***** DATA BELOW *****

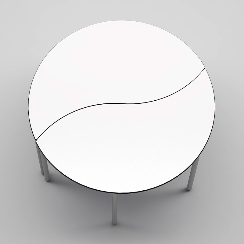 Mesa escolar con estructura metálica y acabado en color blanco, para equipar aulas de aprendizaje cooperativo.
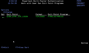 - Once the Powertech Multi-Factor Authentication program has been called, it will call the program that was formerly registered against the exit point.
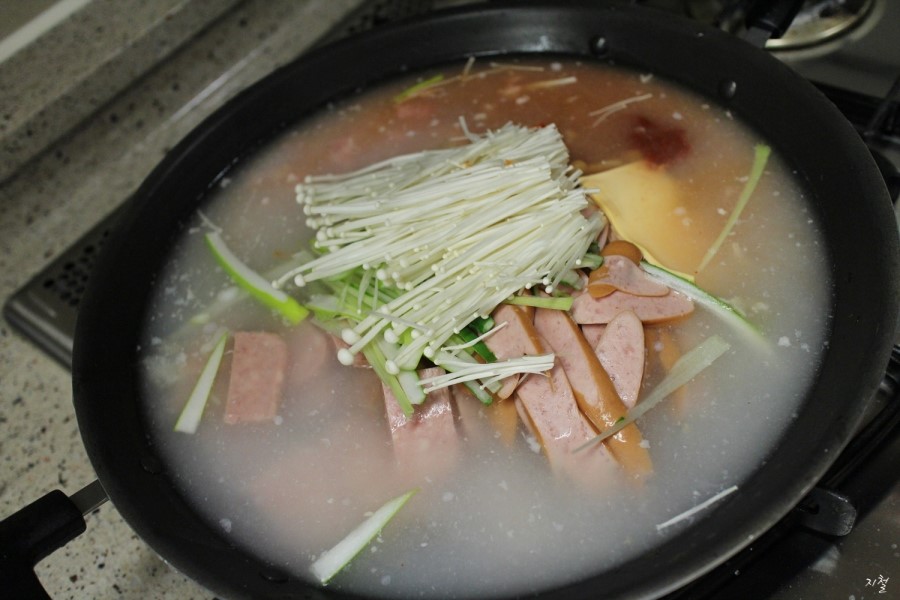 사골육수 청양초 고춧가루 파 팽이버섯 갈은 고기 스팸
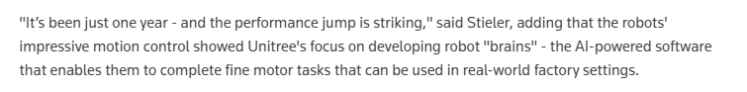 路透社則援引科技諮詢公司施蒂勒(Stieler)機器人與自動化業務負責人喬治·施蒂勒(Georg Stieler)的觀點稱,僅僅一年的時間,中國機器人性能的提升令人矚目。他指出,這些機器人出色的運動控制能力展示了中國科技企業在開發機器人“大腦”方面的專注程度——即那些由人工智能驅動的軟體,它們能夠幫助機器人完成精細的操作任務,這些任務可在實際的工廠環境中發揮作用。

*****

**WHAT IS REQUIRED**
The reply should contain every line of the material exactly, and no images.

**FINISHED TASK**
 Mesa escolar con estructura metálica y acabado en color blanco, para equipar aulas de aprendizaje cooperativo.
 - Once the Powertech Multi-Factor Authentication program has been called, it will call the program that was formerly registered against the exit point.
 사골육수 청양초 고춧가루 파 팽이버섯 갈은 고기 스팸
 路透社則援引科技諮詢公司施蒂勒(Stieler)機器人與自動化業務負責人喬治·施蒂勒(Georg Stieler)的觀點稱,僅僅一年的時間,中國機器人性能的提升令人矚目。他指出,這些機器人出色的運動控制能力展示了中國科技企業在開發機器人“大腦”方面的專注程度——即那些由人工智能驅動的軟體,它們能夠幫助機器人完成精細的操作任務,這些任務可在實際的工廠環境中發揮作用。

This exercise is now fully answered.